Strengths and limitations

Our study has several strengths. Firstly, we included in our validation process representative geriatric cohorts of sufficient size for each entity of EWGSOP2´s definition of sarcopenia (77 probable sarcopenic, 51 sarcopenic). Previous validations in other languages, on the other hand, sometimes did not differentiate between probable sarcopenia and sarcopenia, either because EWGSOP2 did not exist yet [13] or since one cohort was underrepresented [15]. Secondly, for the estimation of muscle mass, we applied the more accurate albeit more expensive method dual-energy X-ray absorptiometry (DXA) instead of bioimpedance analysis (BIA).

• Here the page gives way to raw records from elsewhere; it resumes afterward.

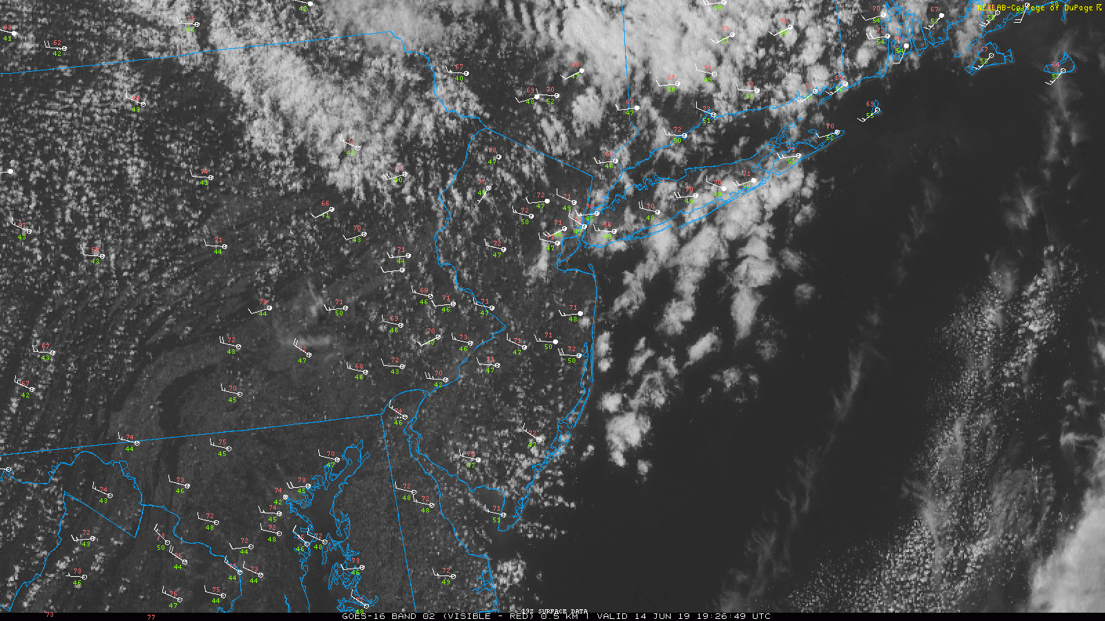 Loop of this evening’s visible satellite imagery along with regional surface observations (click to animate)
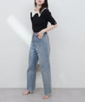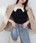 えり付きですが、ネックラインにややゆとりがあるので、カジュアルになりすぎずきれいめにお召頂けます。
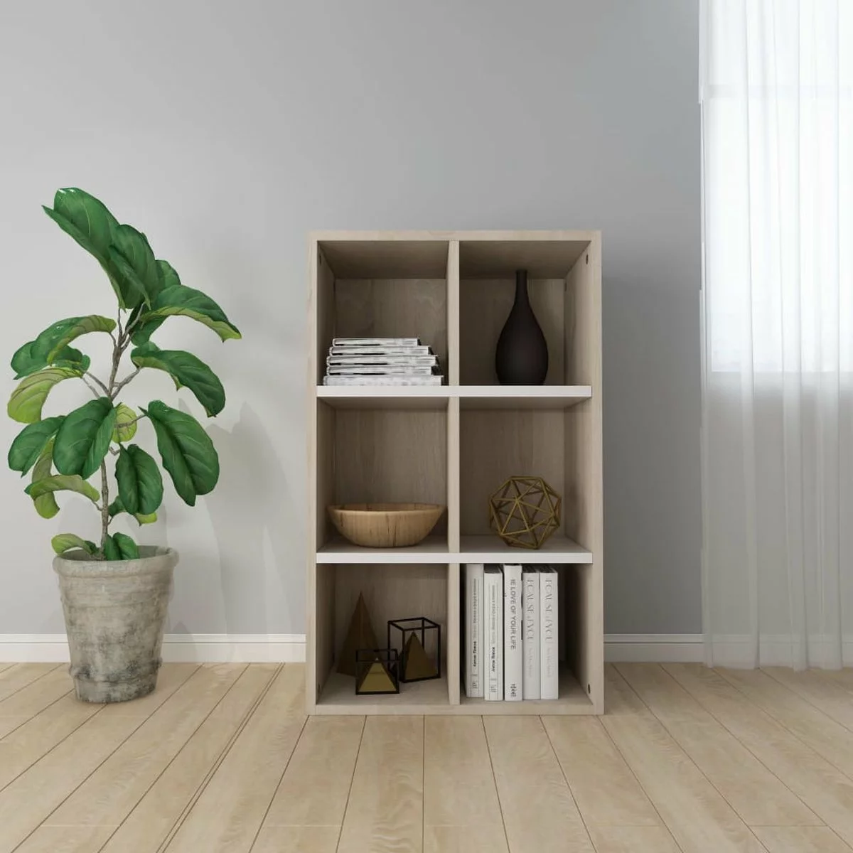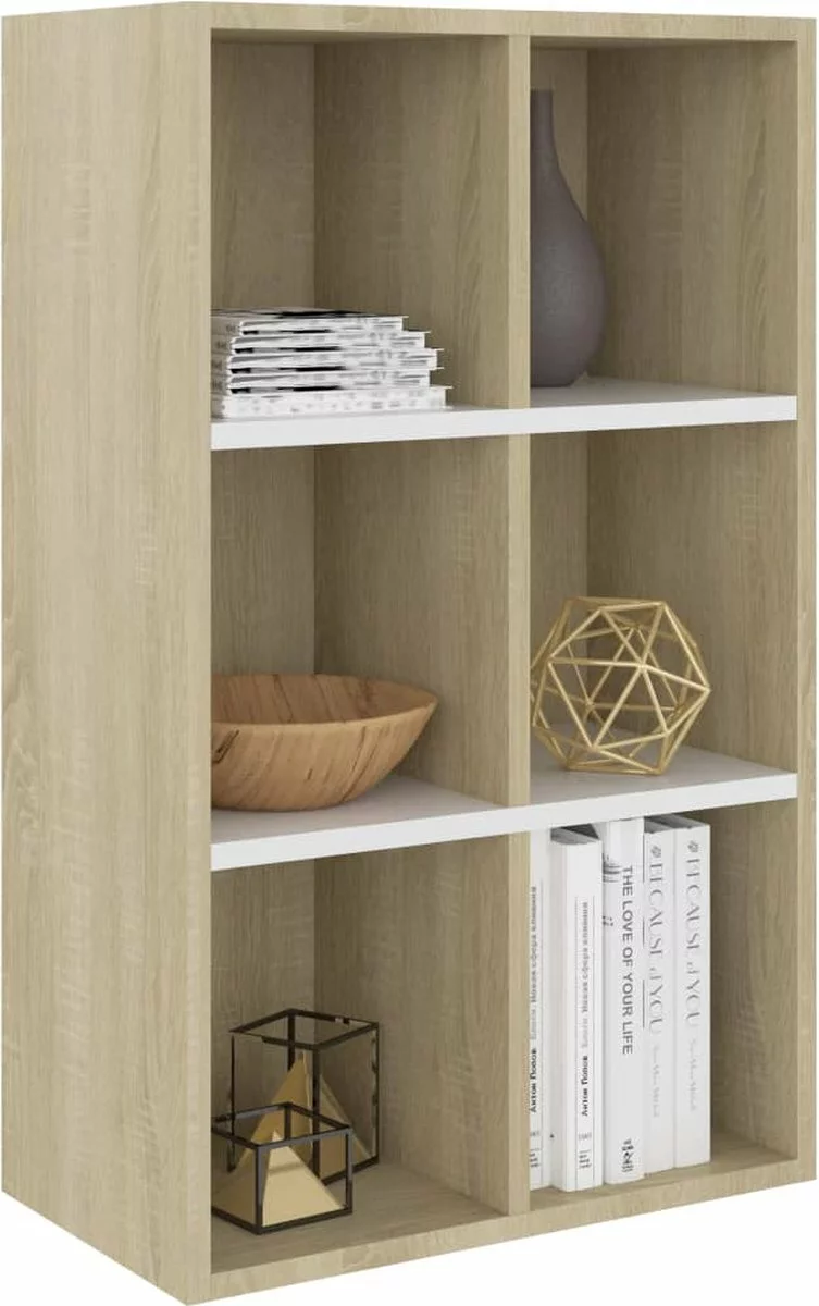 De kast is gemaakt van bewerkt hout waardoor hij stevig en duurzaam is. De boekenkast is ontworpen met 6 vakken en biedt voldoende ruimte om je tijdschriften, boeken, dvd’s en multimedia-apparaten geordend en binnen handbereik op te bergen. Bovendien is dit meubel zeer veelzijdig omdat het horizontaal geplaatst kan worden om als televisiemeubel gebruikt te worden. Het is dus een perfecte keuze voor je woonruimte.

Our study has some limitations. The recruited sample was not random and it is, therefore possible that our cohort’s characteristics are different from a larger population of German-speaking sarcopenic or presarcopenic individuals. However, the overall QoL score measured by the SarQoL^® questionnaire is within the range found in other validation studies [20, 25]. Other methodological limitations are related to the recruitment process, such as our male-to-female ratio (76.2% female), which reflects the gender imbalance in geriatric outpatient facilities and acute geriatric wards. With a BMI of 21.8 ± 3.1 kg/m2, our sarcopenic cohort has a lower BMI than the probable sarcopenic cohort. Although this is typical finding [34], we cannot exclude that an overlapping pathophysiology like malnutrition or cachexia can at least partially be at play here [35]. With three days, the test-retest timeframe was short. This reflects the shorter periods of patients’ stays in a maximum-care university hospital compared to other healthcare settings. While other validations of the SarQoL^® omitted the test-retest completely [15], we decided to include this important part of the validation process despite the shorter timeframe.

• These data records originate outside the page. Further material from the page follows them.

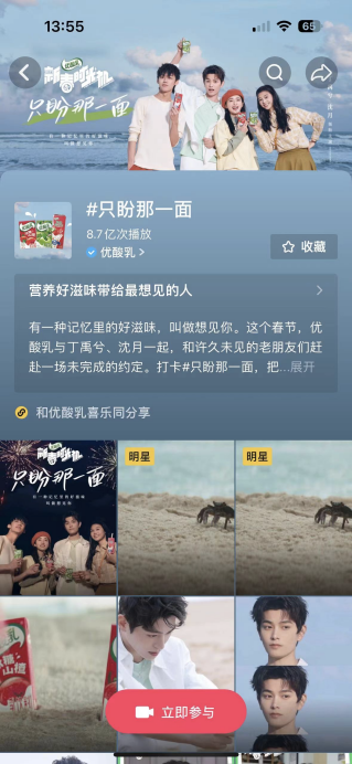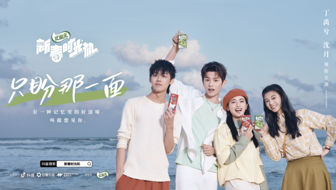 在心智种草层面,优酸乳基于抖音阵地,结合多平台传播完成差异化沟通。在抖音平台,优酸乳掀起沉浸式社交新体验,主话题#新春时光机 总浏览量达到131亿+,50+明星艺人、抖音创作者拜年造势,送出新春祝福。
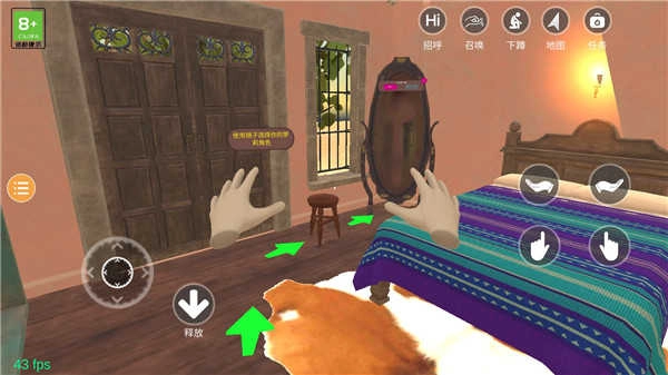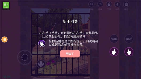 3、通过调整左右手手指的姿势,就能操控虚拟的手去拿起物品。当物品左侧出现对应的图标提示时,就意味着该物品可以被拿起或进行相关操作。
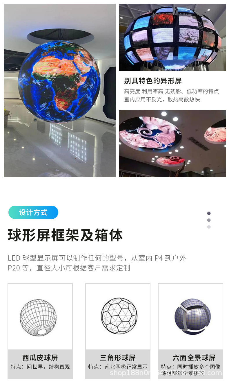 室内LED球形屏酒吧舞台商场台球室展示全彩圆形屏创意LED异形屏
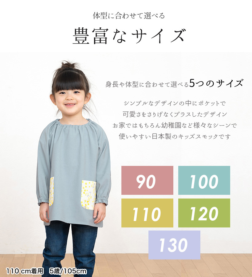 安心の日本製!汚れをきにせずママも安心ノンアイロンキッズスモック。シワになりにくいノンアイロンOKな生地でママに嬉しい!シンプルなデザインの中に可愛い柄のポケットが付いており、ゆったりとしたデザインで1人でお着替えも出来ます。お食事や粘土遊びお絵描きなど汚れを気にするシーンで大活躍!サイズも豊富な90cm〜130cmまであります!保育園や幼稚園の入園準備にもおすすめのスモックです。
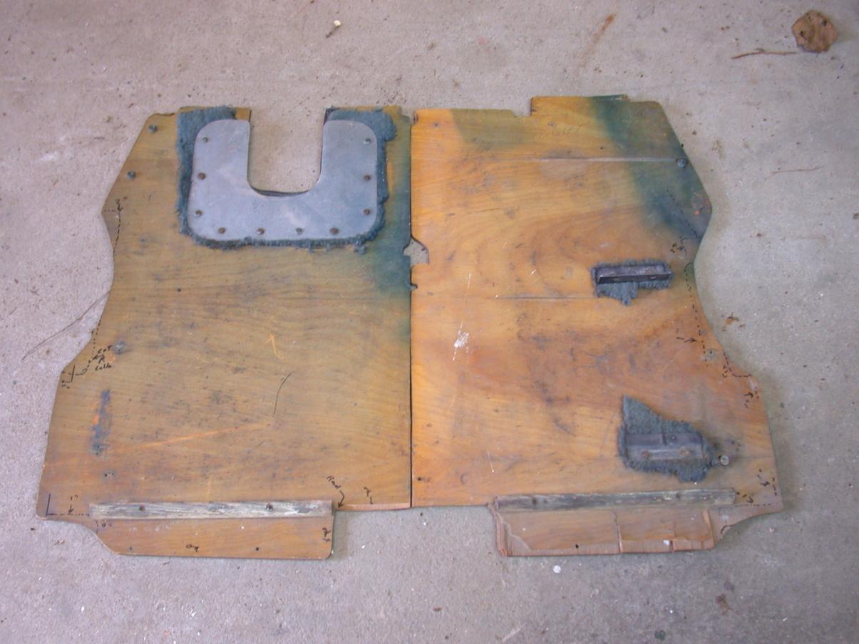When I bought the 45 the RH brakes were missing the pedals and the cables were removed. The floor boards (plywood) had been replaced with the holes for the RH pedals covered over. All he pulley holders were still there but it looked like someone was tired of rigging the RH brakes and just took them out. First photo is of the floor board as I got them. Still had the metal heel plate for teh pilots brakes, the holes for the old battery box and the mount for the Pyrene fire extinguisher. Note the RH wood looks a bit different than the LH. I think the owner just cut a new piece of ply and left the hole out for the pedals.
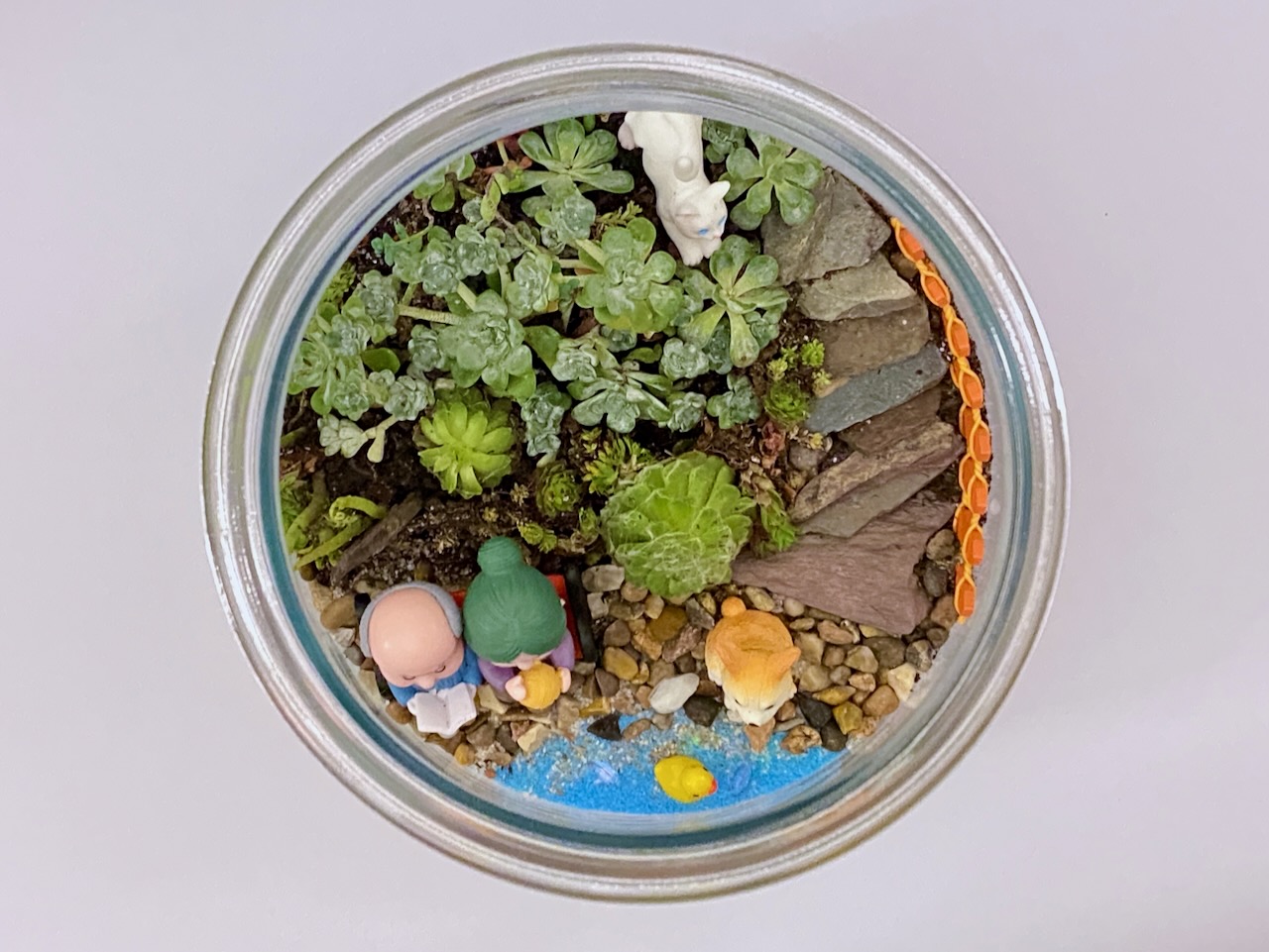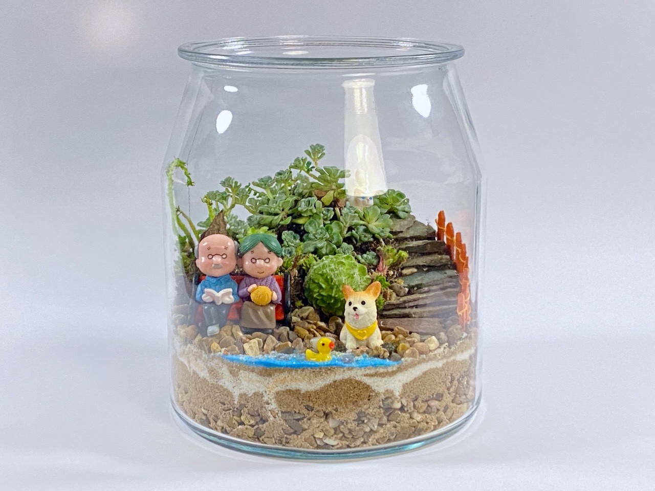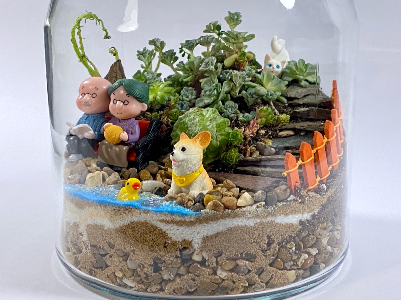 A peaceful little world under glass, filled with hardy succulents and a heartwarming scene of an elderly couple, their cheerful Corgi, a tiny duck, and a hidden white cat. Everlasting Serenity adds a calm, storybook charm to any space with almost no maintenance. 🌿💛

While previous SarQoL^® validation studies often use the EQ-5D descriptive system without the visual analog scale (EQ-5D VAS) as a generic PROM to test for construct validity, we decided to include the EQ-5D VAS as it has been done previously [26], but omitted the conduction of another PROM like the SF-36 questionnaire.

Conclusions

QoL was similarly reduced in patients > 65 years of age with sarcopenia and probable sarcopenia compared to controls. The German SarQoL^® is a valid and reliable instrument for measuring QoL in patients > 65 years of age with sarcopenia and probable sarcopenia and can now be used in epidemiological studies and clinical trials in a German-speaking population.

Abbreviations

ALM

Appendicular Lean Mass

ANOVA

Analysis Of Variance

BDI-II

Beck Depression Inventory-II

BIA

Bioimpedance Analysis

BMI

Body Mass Index

CCI

Charlson Comorbidity Index

DXA

Dual-energy X-ray Absorptiometry

EQ-5D

European Quality-of-Life 5-Dimension

EQ-5D VAS

European Quality-of-Life 5-Dimension Visual Analog Scale

EWGSOP2

European Working Group on Sarcopenia in Older People 2

ICC

Intraclass Coefficient Correlation

MMSE

Mini Mental State Examination

OR

Odds Ratio

PROMs

Patient Reported Outcome Measures

QoL

Quality Of life

SarQoL®

Sarcopenia-specific Quality of Life

SF-36

36-Item Short-Form Health Survey

SF-MNA

Mini Nutritional Assessment (Short Form)

SMI

Skeletal Muscle Index

SPPB

Short Physical Performance Battery

Author contributions

All authors contributed to the study conception and design. Material preparation, data collection and analysis were performed by S.M., C.H., S.S., O.T., B.S., R.S. and M.D. The first draft of the manuscript was written by S.M. and C.H. and all authors commented on previous versions of the manuscript. All authors read and approved the final manuscript.

Funding

Open Access funding enabled and organized by Projekt DEAL. The authors declare that no funds, grants, or other support was received during the preparation of this manuscript.

Data availability

No datasets were generated or analysed during the current study.

Declarations

Consent for publication

Not applicable. (Informed consent was obtained from all participants included in the study, but the manuscript does not contain data from any individual person.)

Competing interests

The authors declare no competing interests.

Ethics approval

The Ethics Committee of the Medical Faculty of LMU approved the study (Project no.: 23–0376).